Это был чрезвычайно значимый шаг вперед, однако подобные операции требовали мастерства, которым мало кто владел. Оперировать в наполненном кровью сердце вслепую, используя всего два или три пальца, которые удастся протиснуть через предсердный колодец, – все это было довольно опасной затеей. Нужно было придумать какое-то другое, более технологичное решение, и к тому времени, как Гросс в 1953 году отчитался о своей работе, такое решение уже было найдено. В сентябре того года хирург Джон Гиббон из Филадельфии рассказал об успешном применении одного устройства, которое впоследствии превратило операции на открытом сердце в рядовую процедуру. Это был воистину исторический момент, однако он остался практически никем не замеченным: Гиббон представил результаты своих изысканий на небольшой местной медицинской конференции, про проведение которой мало кто из его коллег вообще знал. Как это ни странно, изобретатель аппарата искусственного кровообращения провел совсем немного операций, после чего навсегда забросил кардиохирургию.
* * *
При том, что изначально Джон Хейшам Гиббон-младший – известный как Джек – подумывал стать поэтом, карьера врача для него была практически неизбежной. Его отец был выдающимся хирургом, одним из первых в США, кто смог зашить рану на сердце, к тому же три предыдущих поколения семьи Гиббон тоже были медиками. Вскоре после поступления в клиническую ординатуру в Гарварде у Гиббона зародилась идея, разработке которой он посвятил следующую четверть века. Подтолкнул его к этому случай, произошедший в 1931 году. У одной женщины, которую положили в больницу на плановую операцию, внезапно появилась сильная боль в груди. Как оказалось, у нее случилась эмболия легочной артерии – закупорка сосуда тромбом, что угрожало ее жизни. Старший хирург Эдвард Д. Черчилль принял решение поместить ее в операционную, где хирургическая бригада провела целую ночь, наблюдая, как угасает ее жизнь. В восемь часов утра на следующий день ее пульс остановился, и тогда была проведена экстренная операция, но женщину уже нельзя было спасти. Годы спустя Гиббон вспоминал о своем отчаянии во время той бессонной ночи:
«Той бесконечной ночью, когда я беспомощно наблюдал, как пациентка борется за жизнь, ее кровь все больше темнеет, а вены все больше раздуваются, ко мне сама собой пришла эта идея.

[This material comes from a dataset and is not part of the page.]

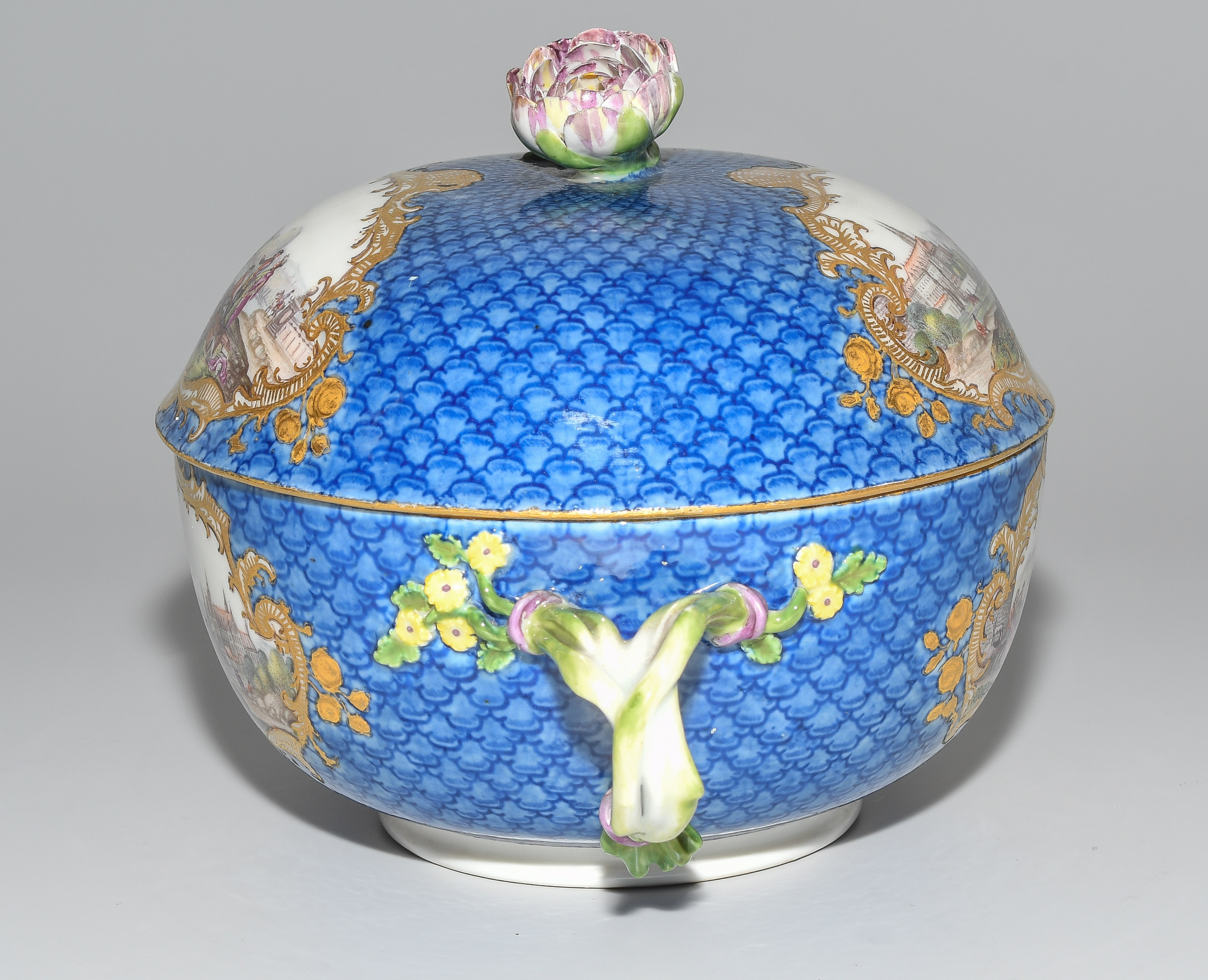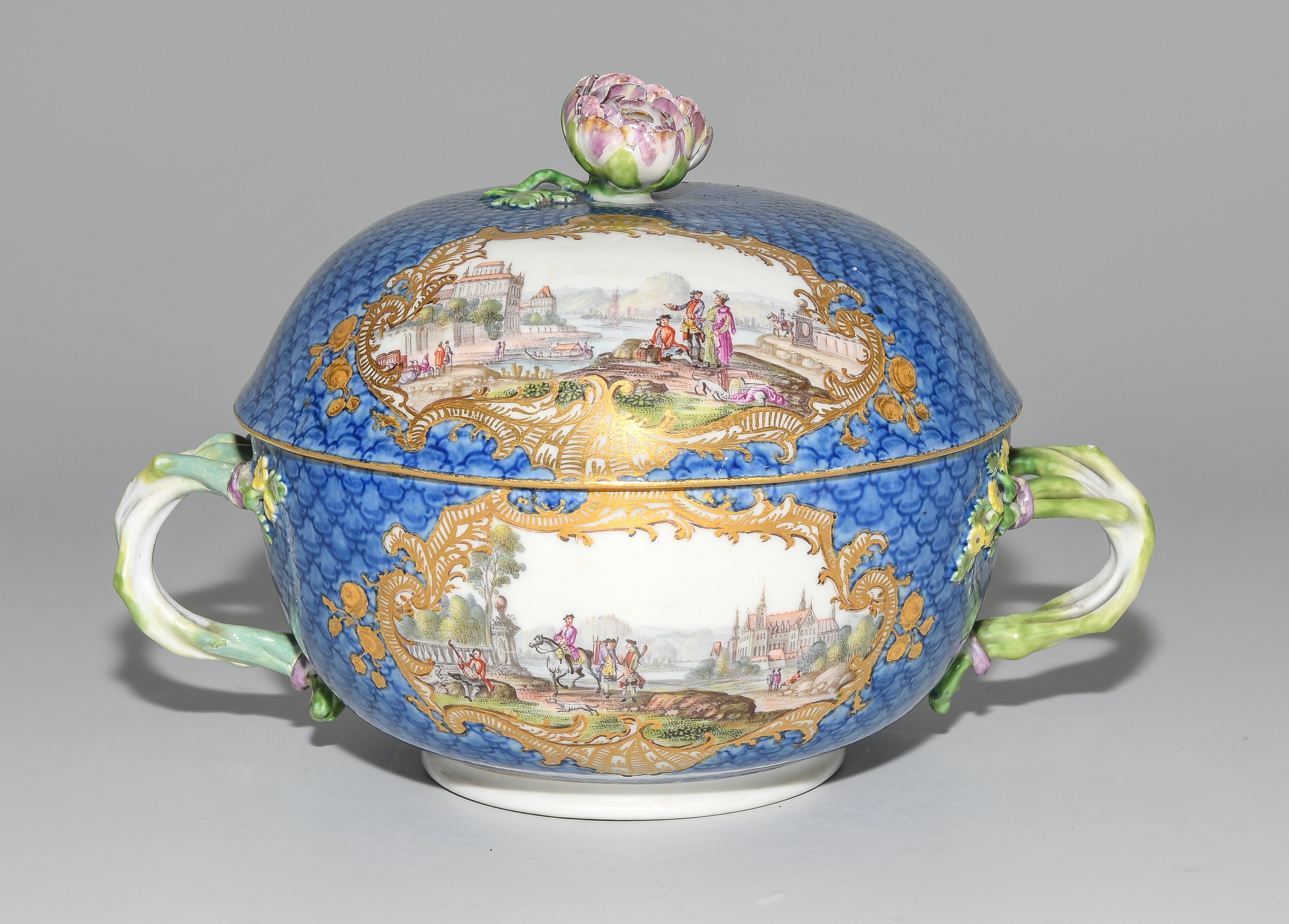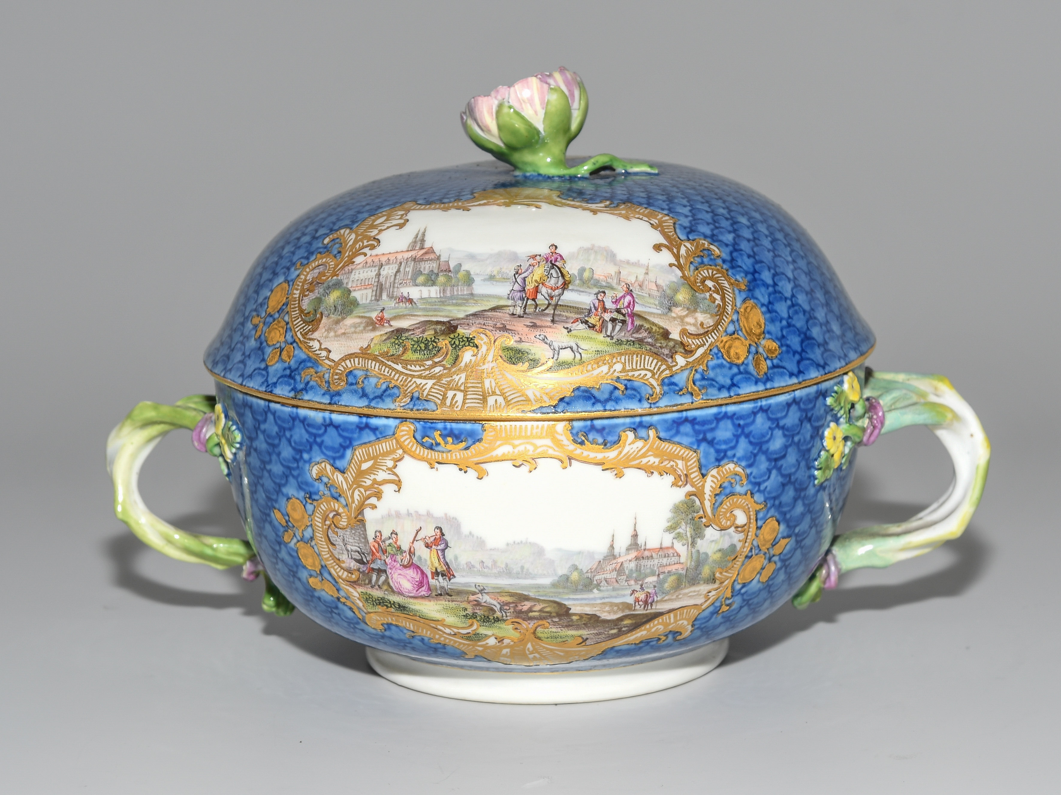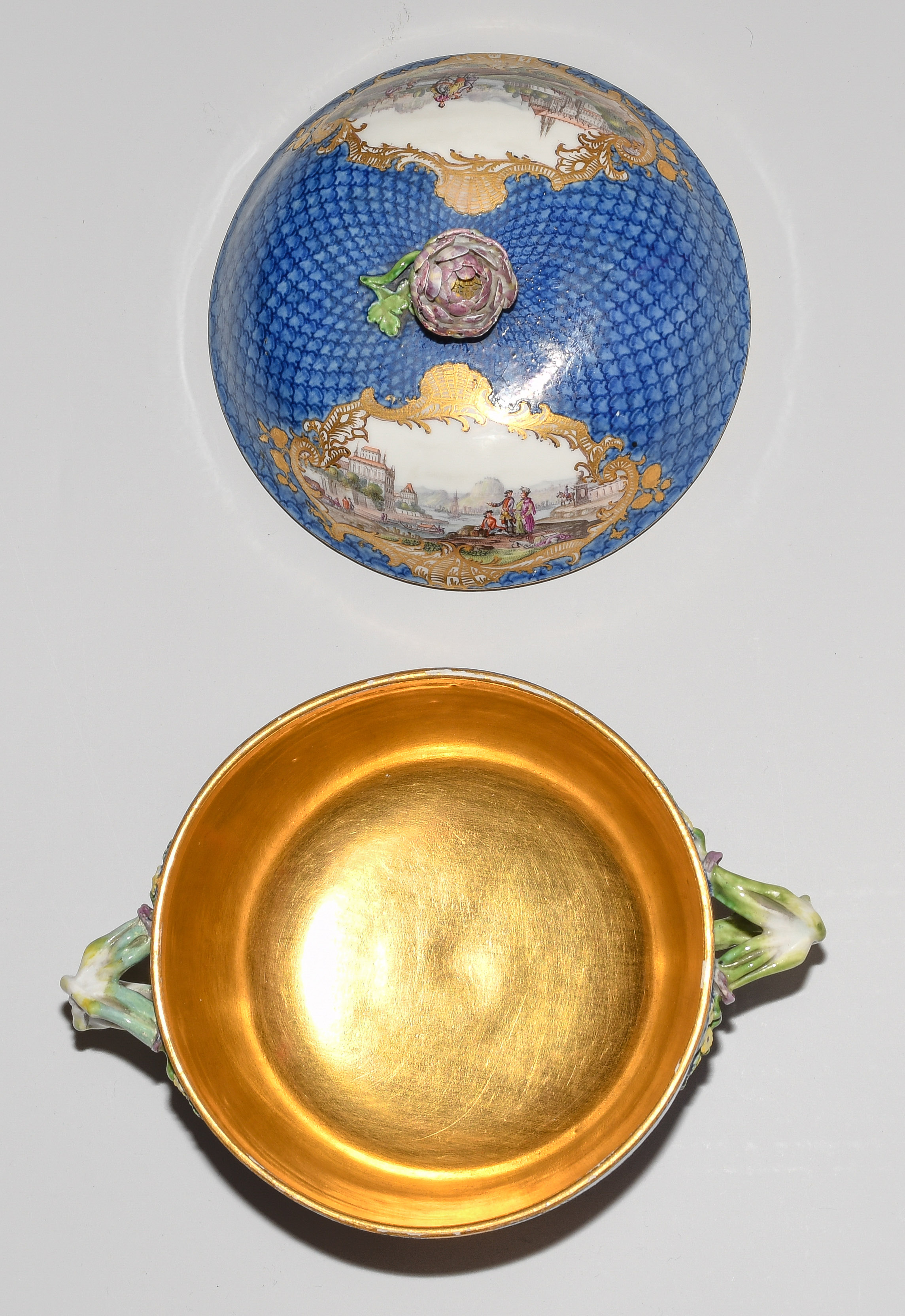 2.Hälfte 18.Jh. Porzellan. Unterglasurblaue Schwertermarke, Pressnummer 22 (Unterschale). Auf blauem Fond mit Schuppenmuster Flusslandschaften mit Schlossansichten und Gesellschaften in Goldkartuschen mit Braunkonturen. Terrine mit Knauf in Blütenform und zwei Doppelasthenkeln. Innen vergoldet, im Deckelinnern Reserve mit Manierblumen, umgeben von Goldrahmen mit Braunkontur. Unterschale mit radierten Goldblumenbouquets und Blumenfestons. D 14, 24 cm.

Если бы мы могли непрерывно забирать часть синей крови из раздутых вен пациентки, добавлять в эту кровь кислород и выпускать из нее углекислый газ, а затем так же непрерывно вводить ставшую теперь красной кровь обратно в артерии пациентки, то, возможно, мы смогли бы спасти ей жизнь».
Это, собственно, и есть краткое описание принципа работы современного аппарата искусственного кровообращения – устройства, которое забирает кровь из человеческого тела, заменяет содержащийся в ней углекислый газ на кислород, а затем закачивает ее обратно в тело, временно беря на себя функции сердца и легких пациента. Первые разработанные Гиббоном аппараты предназначались прежде всего для экстренных операций по спасению пациентов с эмболией легочной артерии – он не сразу понял, что их можно также использовать и в кардиохирургии.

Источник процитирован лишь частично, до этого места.